This article was first published in Streetsblog.
Turns out, paint can be protection, at least when it’s done right.
Installing asphalt art on roads and intersection can cut crashes between motorists and other road users by a staggering 50%, a new study finds — and the experts behind it say it’s time for policymakers to treat this life-saving traffic-safety treatment as more than just a frill.
In a new report from Bloomberg Philanthropies, researchers analyzed crash rates and driver behavior before and after traffic-calming art projects were added to the 17 US roads and intersections for which the best possible data and imagery was available. Those projects included colorful crosswalks and curb-extending murals that visually shorten a pedestrian’s crossing distance, among other innovative designs — and notably, most of them didn’t incorporate any other hard-infrastructure improvements at the time they were painted.

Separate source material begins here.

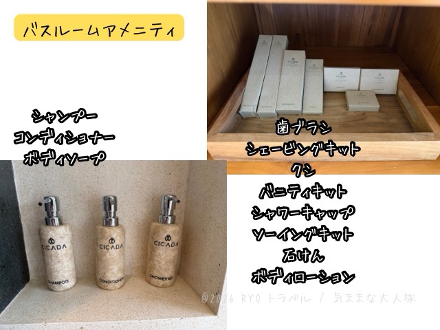 アメニティは石けん、ボディローション、歯ブラシ、シェーバー、シャワーキャップ、バニティキット、ソーイングキットがありました。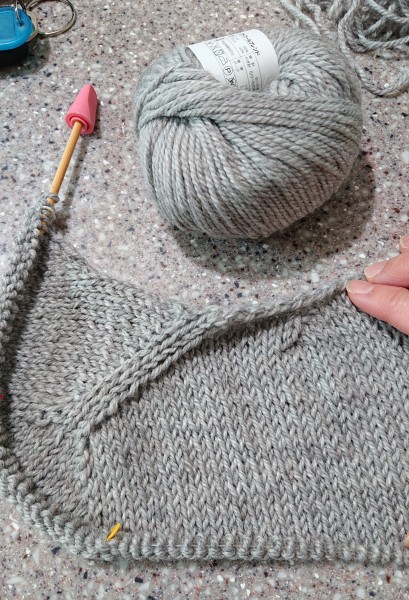 肩とVネックの下部分まで進みました。毛糸3玉目(30g)の終わりかけです。

Not only did the projects slash crashes involving vulnerable road users in half, they also lessened injury-causing crashes by an average of 37%, and cut overall crashes by 17%, too. Drivers even yielded to pedestrians in colorful crosswalks 27% more often, even though many intersections featured high-visibility paint before.
Those stats might seem surprising, given how rare asphalt art is in US cities — and the fact that the Manual of Uniform Traffic Control Devices proposes banning it because of dubious safety concerns.
Many city transportation leaders, however, have touted the benefits of treating the street as a canvas for years, even if those benefits weren’t quantified until now.